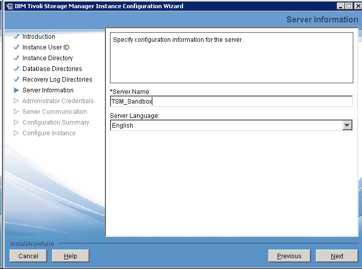 I name the TSM server as TSM_Sandbox
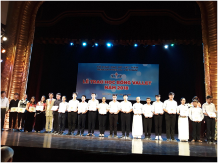 Đoàn học sinh có thành tích xuất sắc năm học 2017-2018 của trường THPT Chuyên Lào Cai vừa tham gia nhận học bổng Odon Vallet năm 2018, mỗi suất trị giá 10 triệu đồng, tại thành phố Hà Nội.
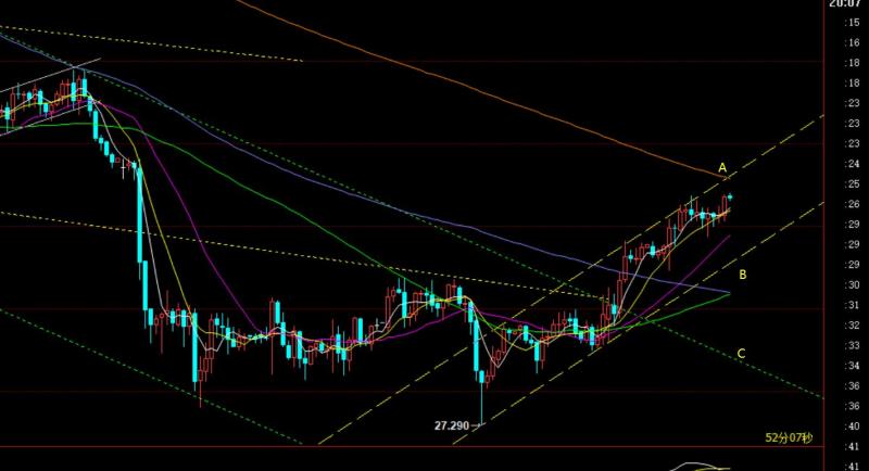 第二,白银方面: 研报指出压力是28.1一线,通道上轨,当时价格28一线去选择短线看跌承压,跌至27.75一线,也是有所利润把握;
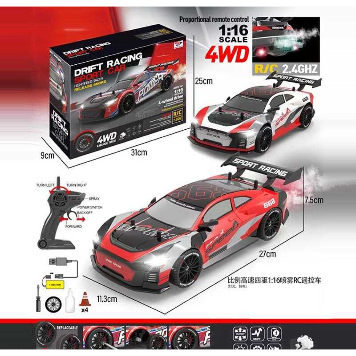 • Машина на радіокеруванні YF 668 RC 2 (24) 2 кольори, акумулятор 7.4 V, пульт 2.4 GHZ, 4WD, підсвічування, парогенератор, 2 комплекти коліс, в коробці
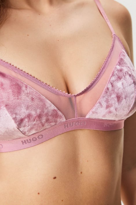 Podprsenka Triangle P. SL Design od prémiové značky HUGO je ušita z neotřelé kombinace materiálů. Vyztužené košíčky trojúhelníkového tvaru jsou ze sametu a lemuje je jemný tyl. Ten najdete i v zadní části. Obvod tvoří širší měkká guma s logy značky.
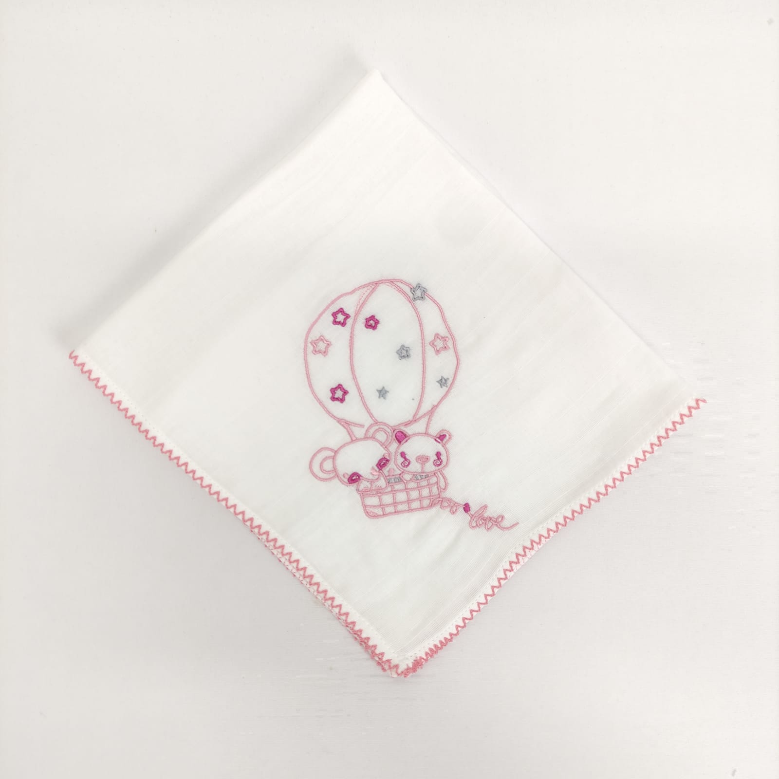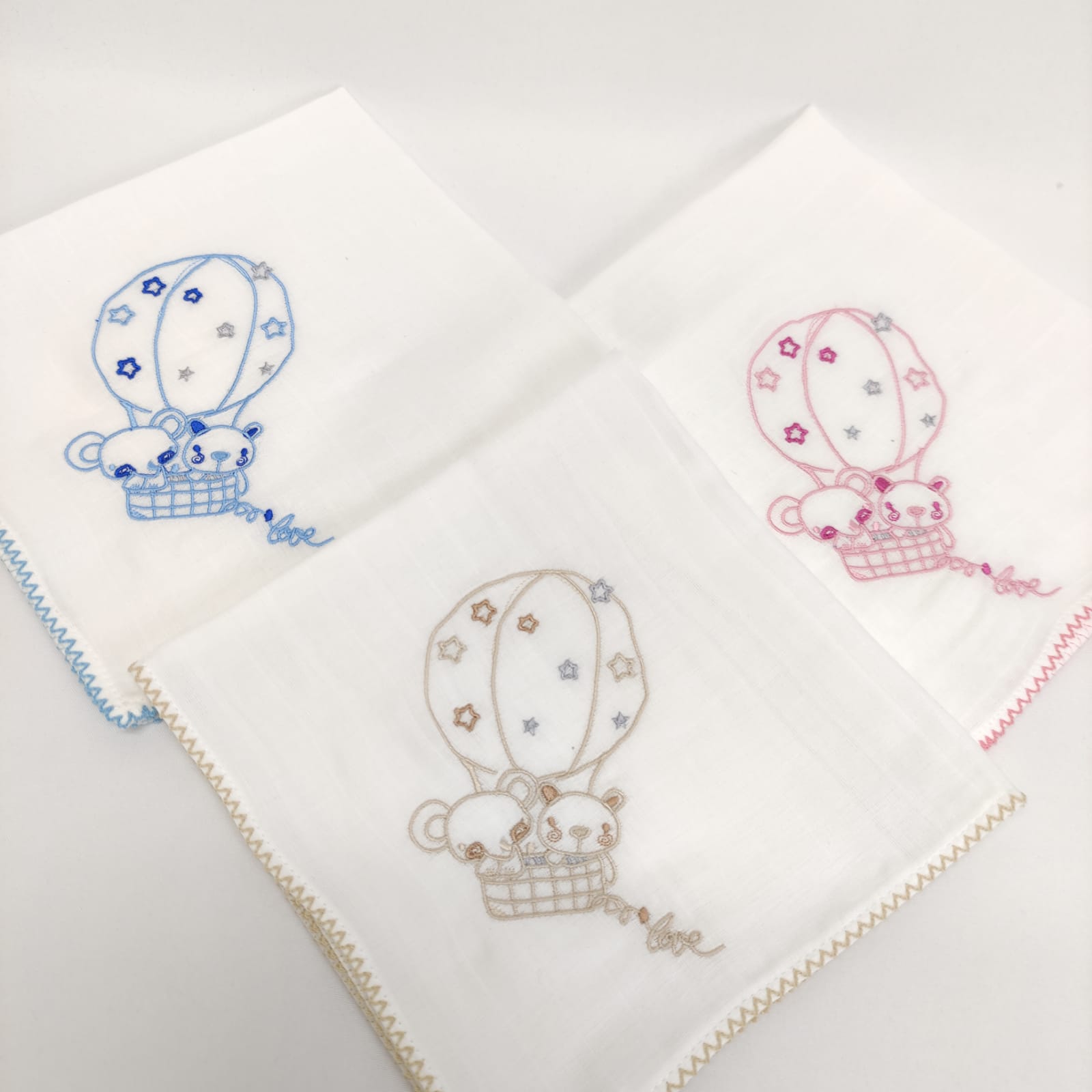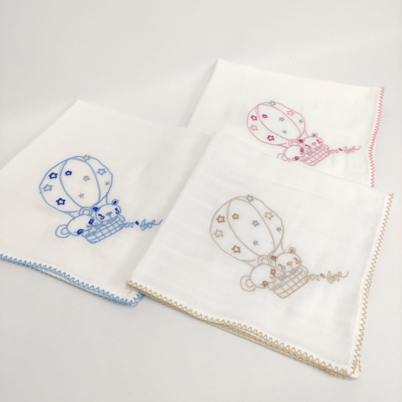 Fralda em algodão com acabamento em beijinho e bordado infantil de "balões" Acabamento e bordado disponíveis em azul, bege e rosa.
------------------------------------------------
[Try it]
Restate exactly, and only, the lines from the one that holds "Podprsenka Triangle P." down to the last line of the material above. Omit the pictures.

[Solution for this exercise]
 Podprsenka Triangle P. SL Design od prémiové značky HUGO je ušita z neotřelé kombinace materiálů. Vyztužené košíčky trojúhelníkového tvaru jsou ze sametu a lemuje je jemný tyl. Ten najdete i v zadní části. Obvod tvoří širší měkká guma s logy značky.
 Fralda em algodão com acabamento em beijinho e bordado infantil de "balões" Acabamento e bordado disponíveis em azul, bege e rosa.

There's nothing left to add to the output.